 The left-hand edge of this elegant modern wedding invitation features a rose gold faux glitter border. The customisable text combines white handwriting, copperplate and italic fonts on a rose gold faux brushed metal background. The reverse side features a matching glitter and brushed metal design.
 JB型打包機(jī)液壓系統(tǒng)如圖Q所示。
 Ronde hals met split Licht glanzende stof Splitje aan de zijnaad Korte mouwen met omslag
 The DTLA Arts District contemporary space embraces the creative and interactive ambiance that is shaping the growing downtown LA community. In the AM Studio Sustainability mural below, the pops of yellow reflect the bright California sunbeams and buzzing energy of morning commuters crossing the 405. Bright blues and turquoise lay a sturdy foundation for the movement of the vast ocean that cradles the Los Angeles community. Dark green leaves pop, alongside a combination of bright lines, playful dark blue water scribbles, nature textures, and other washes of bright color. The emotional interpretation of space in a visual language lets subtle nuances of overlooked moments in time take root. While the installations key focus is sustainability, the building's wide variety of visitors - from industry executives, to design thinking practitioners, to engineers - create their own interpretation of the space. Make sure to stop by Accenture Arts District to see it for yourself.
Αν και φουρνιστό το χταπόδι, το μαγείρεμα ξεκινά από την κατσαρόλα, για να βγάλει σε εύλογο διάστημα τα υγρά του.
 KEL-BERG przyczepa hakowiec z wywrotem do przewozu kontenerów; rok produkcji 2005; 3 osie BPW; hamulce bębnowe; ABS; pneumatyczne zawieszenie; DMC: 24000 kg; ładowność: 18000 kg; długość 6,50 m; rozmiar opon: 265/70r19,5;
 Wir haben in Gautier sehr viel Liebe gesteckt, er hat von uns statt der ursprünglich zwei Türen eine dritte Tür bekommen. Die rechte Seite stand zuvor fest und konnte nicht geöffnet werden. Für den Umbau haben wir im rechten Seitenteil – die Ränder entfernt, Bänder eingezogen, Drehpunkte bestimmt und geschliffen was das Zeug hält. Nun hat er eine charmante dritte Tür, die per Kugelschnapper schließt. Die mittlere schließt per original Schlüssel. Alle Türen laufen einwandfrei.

**YOUR OBJECTIVE**
Reproduce all of the listing, exactly as given.

**RESPONSE**
 The left-hand edge of this elegant modern wedding invitation features a rose gold faux glitter border. The customisable text combines white handwriting, copperplate and italic fonts on a rose gold faux brushed metal background. The reverse side features a matching glitter and brushed metal design.
 JB型打包機(jī)液壓系統(tǒng)如圖Q所示。
 Ronde hals met split Licht glanzende stof Splitje aan de zijnaad Korte mouwen met omslag
 The DTLA Arts District contemporary space embraces the creative and interactive ambiance that is shaping the growing downtown LA community. In the AM Studio Sustainability mural below, the pops of yellow reflect the bright California sunbeams and buzzing energy of morning commuters crossing the 405. Bright blues and turquoise lay a sturdy foundation for the movement of the vast ocean that cradles the Los Angeles community. Dark green leaves pop, alongside a combination of bright lines, playful dark blue water scribbles, nature textures, and other washes of bright color. The emotional interpretation of space in a visual language lets subtle nuances of overlooked moments in time take root. While the installations key focus is sustainability, the building's wide variety of visitors - from industry executives, to design thinking practitioners, to engineers - create their own interpretation of the space. Make sure to stop by Accenture Arts District to see it for yourself.
Αν και φουρνιστό το χταπόδι, το μαγείρεμα ξεκινά από την κατσαρόλα, για να βγάλει σε εύλογο διάστημα τα υγρά του.
 KEL-BERG przyczepa hakowiec z wywrotem do przewozu kontenerów; rok produkcji 2005; 3 osie BPW; hamulce bębnowe; ABS; pneumatyczne zawieszenie; DMC: 24000 kg; ładowność: 18000 kg; długość 6,50 m; rozmiar opon: 265/70r19,5;
 Wir haben in Gautier sehr viel Liebe gesteckt, er hat von uns statt der ursprünglich zwei Türen eine dritte Tür bekommen. Die rechte Seite stand zuvor fest und konnte nicht geöffnet werden. Für den Umbau haben wir im rechten Seitenteil – die Ränder entfernt, Bänder eingezogen, Drehpunkte bestimmt und geschliffen was das Zeug hält. Nun hat er eine charmante dritte Tür, die per Kugelschnapper schließt. Die mittlere schließt per original Schlüssel. Alle Türen laufen einwandfrei.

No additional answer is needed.